1# Copyright 2017 The TensorFlow Authors. All Rights Reserved.
2#
3# Licensed under the Apache License, Version 2.0 (the "License");
4# you may not use this file except in compliance with the License.
5# You may obtain a copy of the License at
6#
7# http://www.apache.org/licenses/LICENSE-2.0
8#
9# Unless required by applicable law or agreed to in writing, software
10# distributed under the License is distributed on an "AS IS" BASIS,
11# WITHOUT WARRANTIES OR CONDITIONS OF ANY KIND, either express or implied.
12# See the License for the specific language governing permissions and
13# limitations under the License.
14# ==============================================================================
15"""Cluster Resolvers are used for dynamic cluster IP/hostname resolution."""
16
17import abc
18
19import collections
20
21import six
22
23from tensorflow.python.client import session
24from tensorflow.python.eager import context
25from tensorflow.python.framework import config
26from tensorflow.python.framework import ops
27from tensorflow.python.training.server_lib import ClusterSpec
28from tensorflow.python.util.tf_export import tf_export
29
30
31def format_master_url(master, rpc_layer=None):
32 if rpc_layer:
33 return '%s://%s' % (rpc_layer, master)
34 else:
35 return master
36
37
38def get_accelerator_devices(master, config_proto):
39 """Returns accelerator devices given a master and a configuration."""

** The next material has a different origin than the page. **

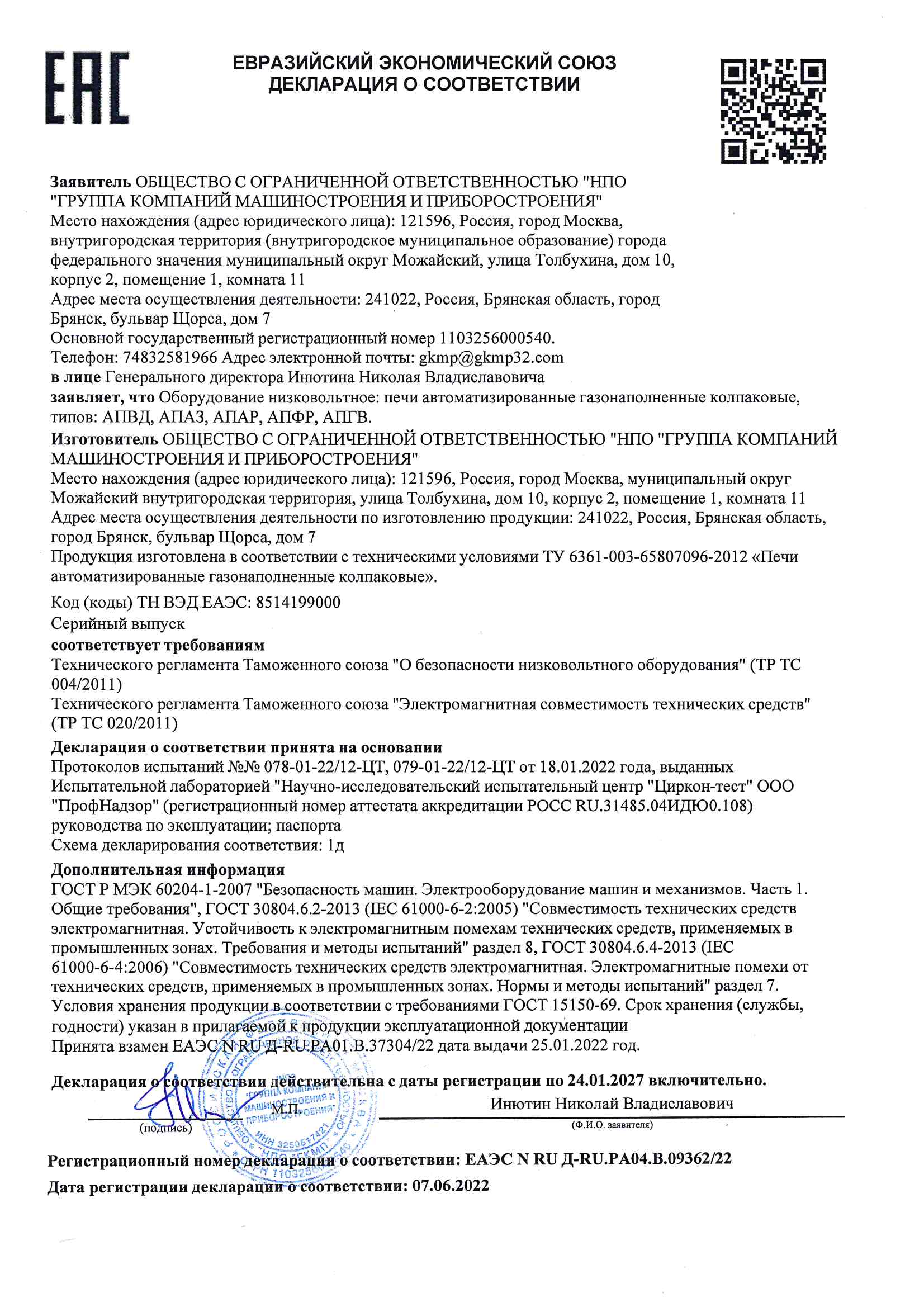 Декларация ТР ТС на АПВД, АПАЗ, АПАР, АПФР, АПГВ

40 if context.executing_eagerly():
41 logical_devices = config.list_logical_devices()
42 devices = []
43 for d in logical_devices:
44 if d.device_type == 'CPU' or d.device_type == 'XLA_CPU': # Filter CPUs
45 continue
46 devices.append(session._DeviceAttributes(d.name, d.device_type, 0, 0)) # pylint: disable=protected-access
47 return devices
48 else:
49 with ops.Graph().as_default():
50 with session.Session(master, config=config_proto) as s:
51 devices = s.list_devices()
52 return devices
53
54
55@tf_export('distribute.cluster_resolver.ClusterResolver')
56@six.add_metaclass(abc.ABCMeta)
57class ClusterResolver(object):
58 """Abstract class for all implementations of ClusterResolvers.
59
60 This defines the skeleton for all implementations of ClusterResolvers.
61 ClusterResolvers are a way for TensorFlow to communicate with various cluster
62 management systems (e.g. GCE, AWS, etc...) and gives TensorFlow necessary
63 information to set up distributed training.
64
65 By letting TensorFlow communicate with these systems, we will be able to
66 automatically discover and resolve IP addresses for various TensorFlow
67 workers. This will eventually allow us to automatically recover from
68 underlying machine failures and scale TensorFlow worker clusters up and down.
69
70 Note to Implementors of `tf.distribute.cluster_resolver.ClusterResolver`
71 subclass: In addition to these abstract methods, when task_type, task_id, and
72 rpc_layer attributes are applicable, you should also implement them either as
73 properties with getters or setters, or directly set the attributes
74 `self._task_type`, `self._task_id`, or `self._rpc_layer` so the base class'
75 getters and setters are used. See
76 `tf.distribute.cluster_resolver.SimpleClusterResolver.__init__` for an
77 example.
78
79 In general, multi-client tf.distribute strategies such as
80 `tf.distribute.experimental.MultiWorkerMirroredStrategy` require task_type and
81 task_id properties to be available in the `ClusterResolver` they are using. On
82 the other hand, these concepts are not applicable in single-client strategies,
83 such as `tf.distribute.experimental.TPUStrategy`, because the program is only
84 expected to be run on one task, so there should not be a need to have code
85 branches according to task type and task id.
86
87 - task_type is the name of the server's current named job (e.g. 'worker',
88 'ps' in a distributed parameterized training job).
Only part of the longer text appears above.